Al «giorno 3» della pace, si vedono le file interminabili di persone che «rientrano» e le macchine piene di persone e si capisce cosa ha rappresentato «la loro casa» per un mese intero: i materassi ammucchiati sul tetto della macchina, i bagagliai spalancati, pieni zeppi di coperte, di cose personali, e del ventilatore e della tv per quelli più fortunati. Perché andando via di fretta ci si chiede sempre cosa si debba prendere e cosa lasciare, un’esitazione terribile, e alla fine non si porta via quasi niente. Ma ci sono anche molti altri che hanno tentato di rifarsi una vita, e che hanno perso tutto. Ci sono anche quelli che sono rimasti a casa loro, che non hanno scelto le scuole come casa, che non hanno perso un fratello o una sorella, quelli che in apparenza non sono stati toccati dalla guerra. Ma di fatto questa guerra è stata devastante per tutti quanti.

I sapori perduti
Quando penso a Fadi e al suo progetto della valle di Adone – la mitica valle in cui sono nati gli amori di Venere e Adone – un progetto di produzione di salsa di pomodori e di pomodori secchi biologici, che ha perso tutta la sua produzione dell’anno in un solo mese di guerra e che ora si trova costretto a fare i bilanci… Quando penso a Nelli, che aveva lasciato la sua comoda vita di Beirut per trasferirsi in una fattoria al sud del Libano e produrre le antiche varietà della regione (tra l’altro, il secondo giorno del conflitto aveva saputo che uno dei suoi prodotti era stato nominato al «presidio» dalla fondazione Slow Food per la biodiversità)… Quando penso al mio progetto, al souk el tayeb, il primo mercato agricolo del Libano – che in due anni è diventato il punto di riferimento dei piccoli produttori, e dei prodotti di qualità, il primo di altri tre mercati a Byblos, Batroun e Tripoli (el Mina) – e che tutto questo è sprofondato…
Quando penso a tutti gli altri che provavano a costruire una vita semplice, corretta e decente, e che tutto sprofonda, non si può che essere depressi, amare ancora e domandarsi: chi ha vinto, chi ha perso? Tutto quel che resta da fare è provare a recuperare il tempo, gli sforzi e le pene perdute. In questo mercoledì di «ritorno», attraversando il ponte si notavano delle grandi silhouettes e si riusciva appena a indovinare di cosa si trattasse. Guardando da più vicino si vedevano le gru al lavoro, e non si poteva che asciugarsi le lacrime. Apena un giorno di tregua ed ecco che i lavori hanno ripreso! Ricominciare, ricostruire… rivivere, non so se sia una facoltà straordinaria propria dei libanesi, o semplicemente il fatto che non abbiamo scelta.

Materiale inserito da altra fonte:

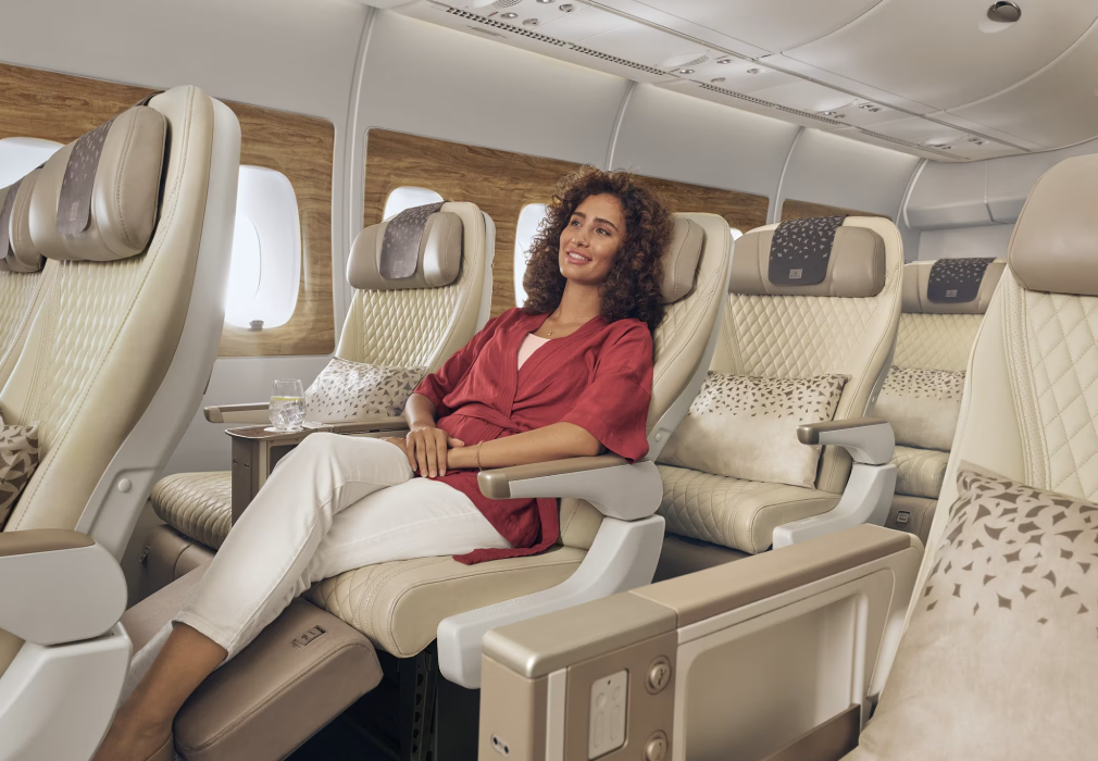通常のエコノミーより広いシートと落ち着いた空間が魅力。サービスや食事もエコノミークラスと少し異なり、価格と快適性のバランスが良いため、長距離路線で選ばれやすいクラスです。

Ed ecco un altro lunedì, una settimana dopo il famoso lunedì del cessate il fuoco. Giorno 7, 14, 21… e ci si trova a contare i giorni alla «Madame Bovary». Ma se i ricordi di quest’ultima svanivano con il tempo, per noi non è così: le tracce di guerra, morte, distruzione, ferite, perdite, si aggravano di giorno in giorno e fanno del dopoguerra giorni davvero difficili.